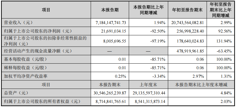 大北农2025年第三季度报告显示,年初至9月底,其实现营业收入207.44亿元,同比增长2.99%;归属于母公司股东的净利润为2.57亿元,同比提升92.56%;扣非净利润1.79亿元,同比增长131.94%。从同比增速来看,多个核心指标实现由负转正,体现出较强的恢复势头。
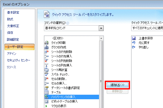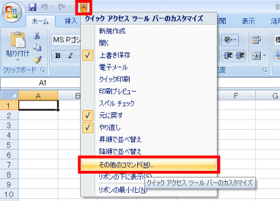 次の手順で、Excel 2007のクイック アクセス ツールバーにコマンドを追加します。
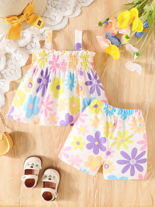 2pcs Toddler Girl’s Flower Pattern Cami Top & Shorts Set – Summer Beach Vacation Outfit
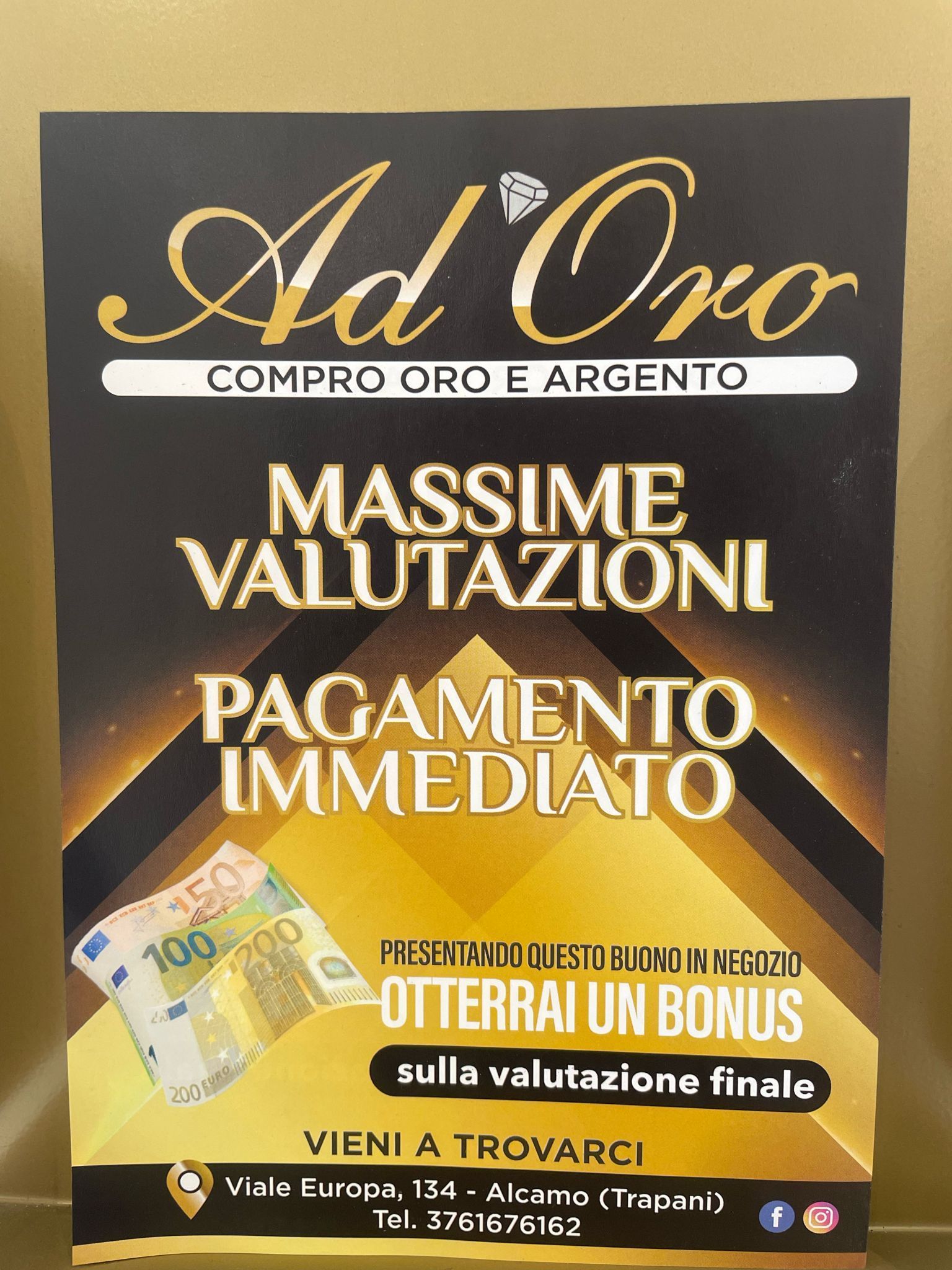 Approfitta della nostra esclusiva promozione! Se presenti il volantino in negozio, ti verrà applicato un bonus extra sulla valutazione finale dei tuoi preziosi. Con Ad'Oro Compro Oro e Argento ad Alcamo, garantiamo massime valutazioni e pagamento immediato, sempre. Non perdere questa opportunità vantaggiosa per ottenere il miglior prezzo per il ritiro del tuo Oro e Argento, dei tuoi gioielli usati, monete in Oro e lingotti in oro e argento. Affidati alla nostra professionalità e competenza per una valutazione onesta e trasparente dei tuoi beni preziosi.
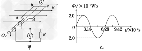 2、计算题 如图甲为小型旋转电枢式交流发电机的原理图。其矩形线圈在匀强磁场中绕垂直于磁场方向的固定轴OO′匀速转动,线圈的匝数n=100、电阻r=10Ω。线圈两端的电流环与电阻R连接,电阻R=90Ω,与R并联的电压表为理想电压表。在t=0时刻,线圈平面与磁场方向平行,穿过每匝线圈的磁通量随时间t按图乙所示正弦规律变化。求:
##########
[What is being asked]:
The lines wanted run from the first one in the material above through the line containing "2pcs Toddler Girl’s"; give them again exactly, leaving out the pictures.

[Reply]:
 大北农2025年第三季度报告显示,年初至9月底,其实现营业收入207.44亿元,同比增长2.99%;归属于母公司股东的净利润为2.57亿元,同比提升92.56%;扣非净利润1.79亿元,同比增长131.94%。从同比增速来看,多个核心指标实现由负转正,体现出较强的恢复势头。
 次の手順で、Excel 2007のクイック アクセス ツールバーにコマンドを追加します。
 2pcs Toddler Girl’s Flower Pattern Cami Top & Shorts Set – Summer Beach Vacation Outfit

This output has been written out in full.